BEGIN Given records
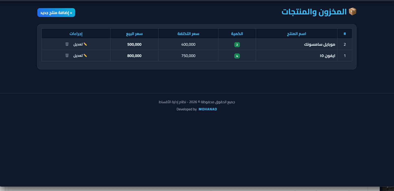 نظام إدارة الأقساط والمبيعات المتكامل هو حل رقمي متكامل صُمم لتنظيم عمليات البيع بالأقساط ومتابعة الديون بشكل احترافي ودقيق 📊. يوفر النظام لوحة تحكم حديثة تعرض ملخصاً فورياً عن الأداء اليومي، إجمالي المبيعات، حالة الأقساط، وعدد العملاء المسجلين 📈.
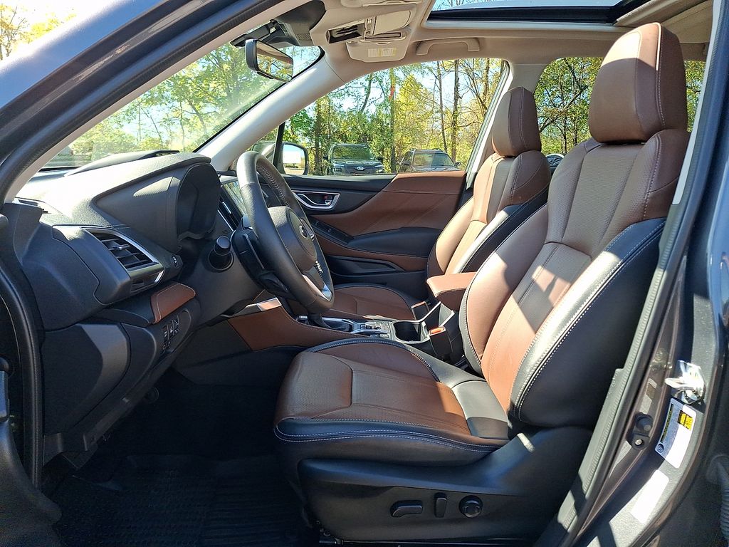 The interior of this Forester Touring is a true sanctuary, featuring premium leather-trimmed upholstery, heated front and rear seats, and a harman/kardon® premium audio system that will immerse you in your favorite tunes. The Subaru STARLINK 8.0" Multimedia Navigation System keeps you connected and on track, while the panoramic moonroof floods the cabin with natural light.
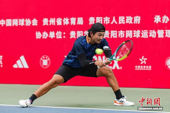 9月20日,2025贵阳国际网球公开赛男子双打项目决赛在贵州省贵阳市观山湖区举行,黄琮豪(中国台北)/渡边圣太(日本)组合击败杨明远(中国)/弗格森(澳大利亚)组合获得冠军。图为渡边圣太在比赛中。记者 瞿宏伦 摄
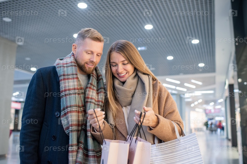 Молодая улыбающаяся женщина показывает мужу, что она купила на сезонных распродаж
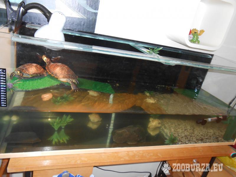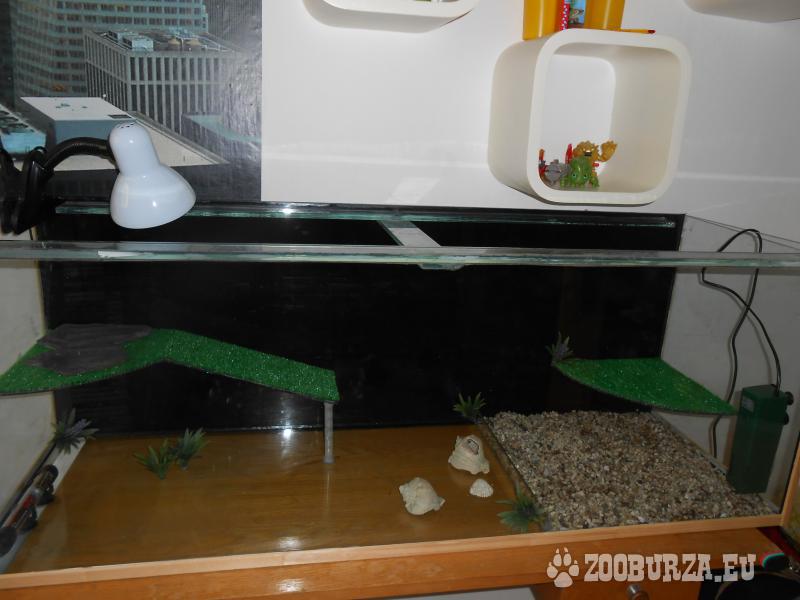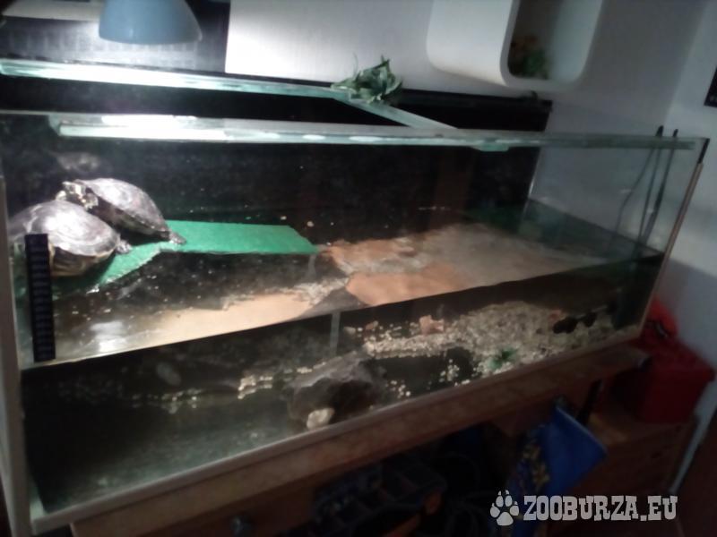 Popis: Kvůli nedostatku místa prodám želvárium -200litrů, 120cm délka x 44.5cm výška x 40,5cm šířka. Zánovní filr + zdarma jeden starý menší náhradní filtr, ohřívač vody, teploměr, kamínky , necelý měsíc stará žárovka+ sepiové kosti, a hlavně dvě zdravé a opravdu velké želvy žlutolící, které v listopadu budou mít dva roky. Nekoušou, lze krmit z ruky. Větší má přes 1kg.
END Given records
BEGIN Given records
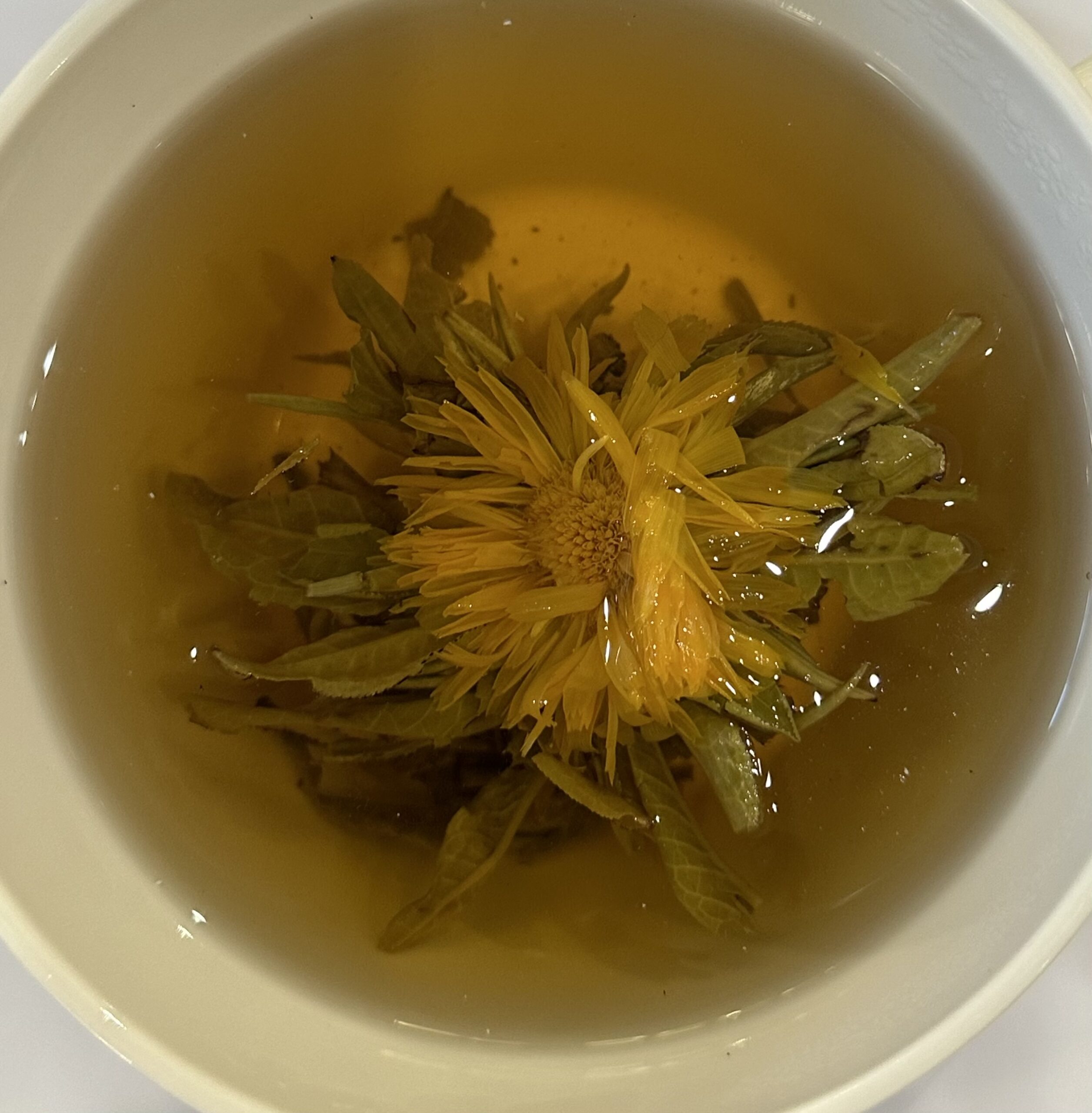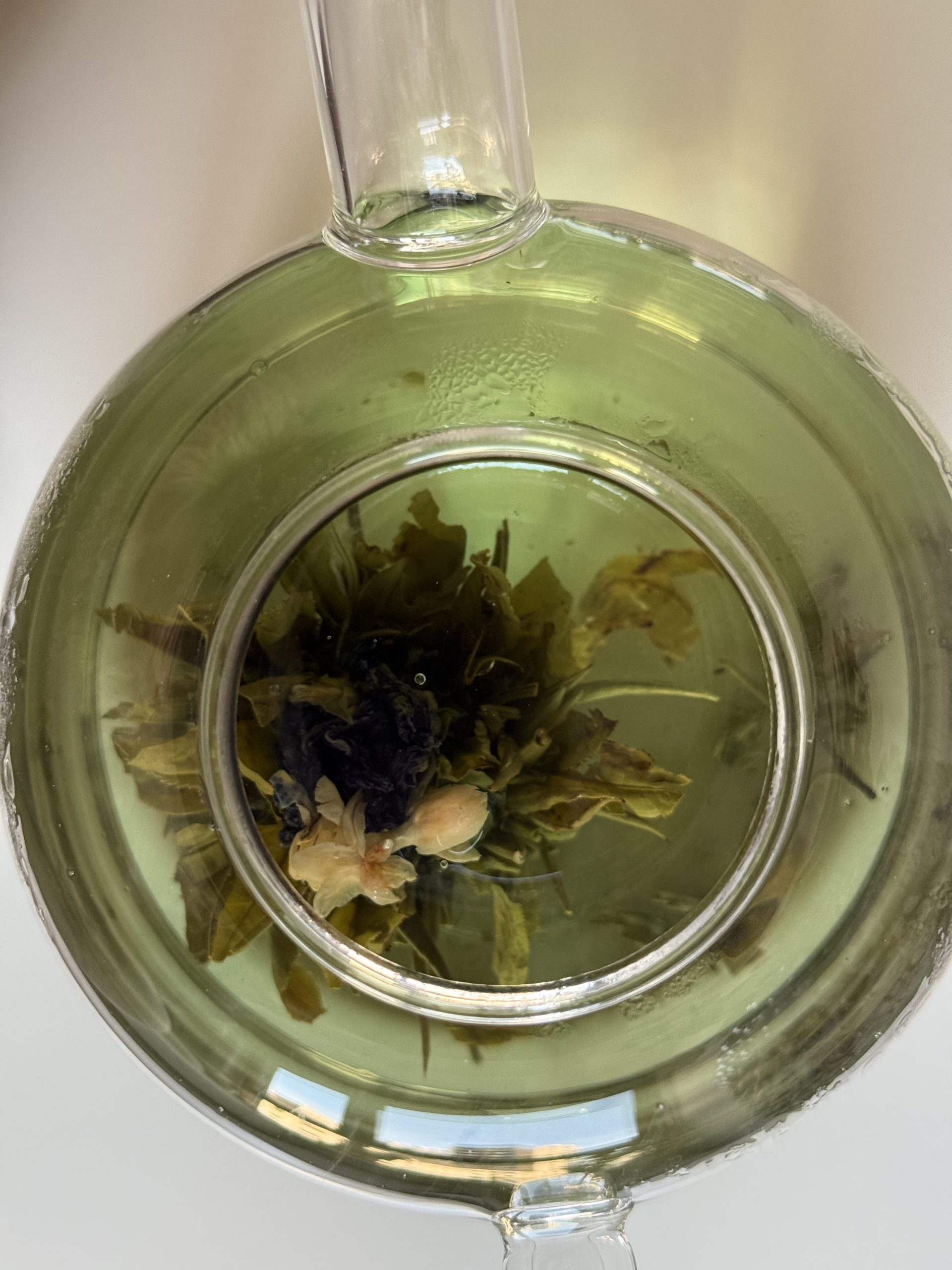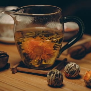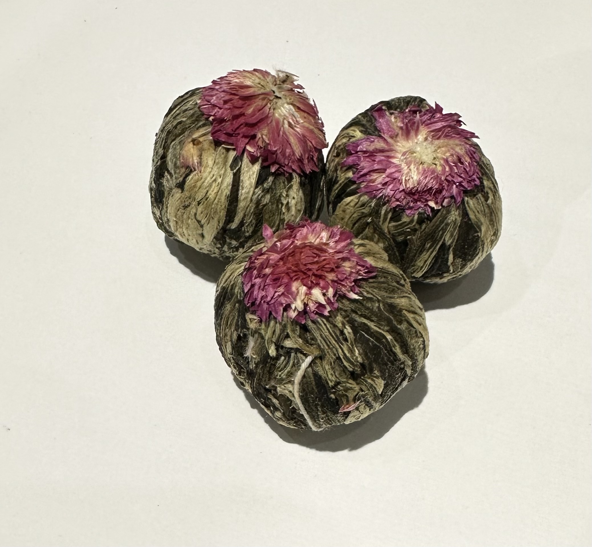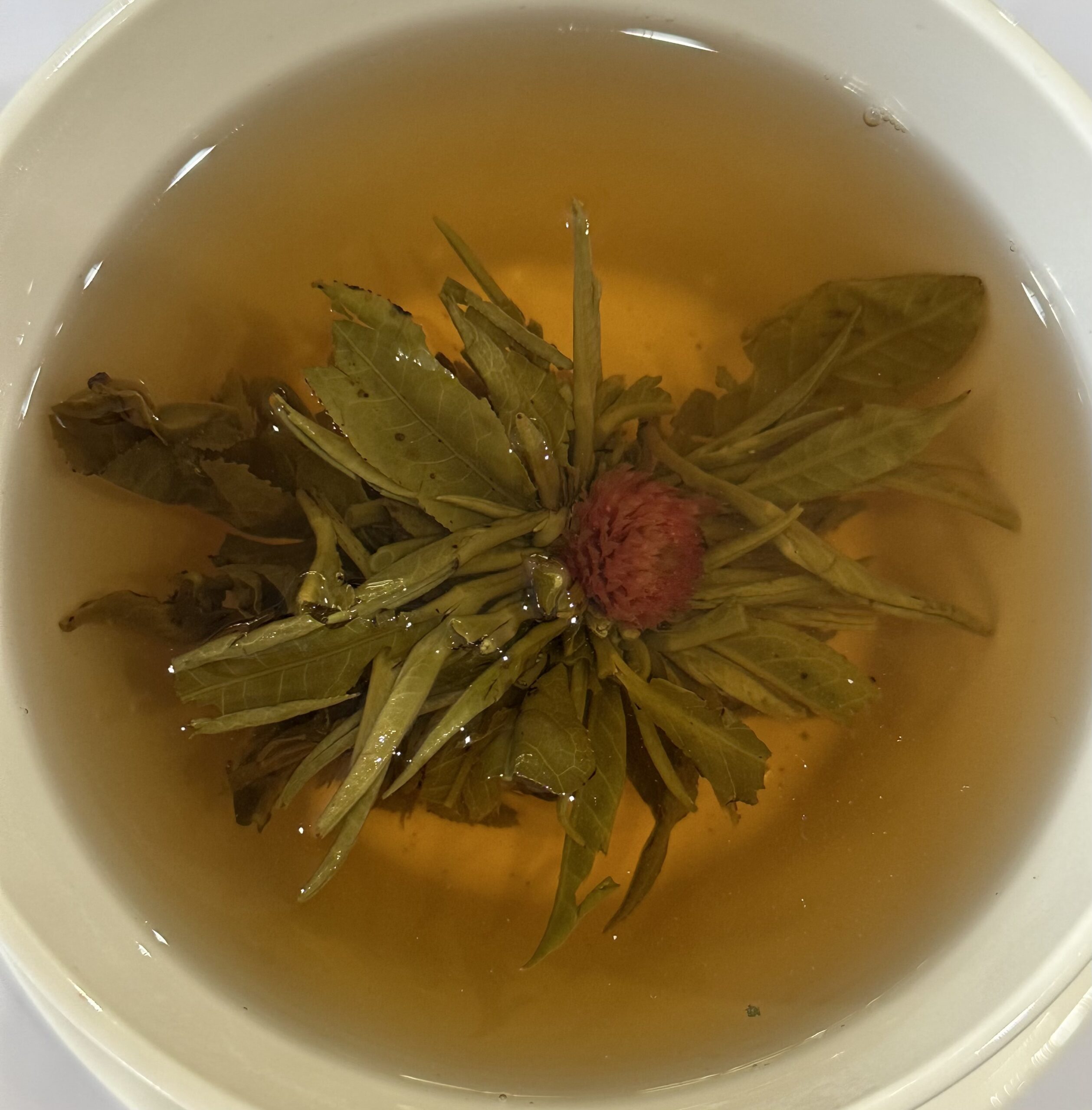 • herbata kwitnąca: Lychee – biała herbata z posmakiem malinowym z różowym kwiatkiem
END Given records
What to produce: In the listing above, find the line with "Молодая улыбающаяся женщина" and the line with "Popis: Kvůli nedostatku". Set down both and every line between them, minus the pictures.

Problem solution:
 Молодая улыбающаяся женщина показывает мужу, что она купила на сезонных распродаж
 Popis: Kvůli nedostatku místa prodám želvárium -200litrů, 120cm délka x 44.5cm výška x 40,5cm šířka. Zánovní filr + zdarma jeden starý menší náhradní filtr, ohřívač vody, teploměr, kamínky , necelý měsíc stará žárovka+ sepiové kosti, a hlavně dvě zdravé a opravdu velké želvy žlutolící, které v listopadu budou mít dva roky. Nekoušou, lze krmit z ruky. Větší má přes 1kg.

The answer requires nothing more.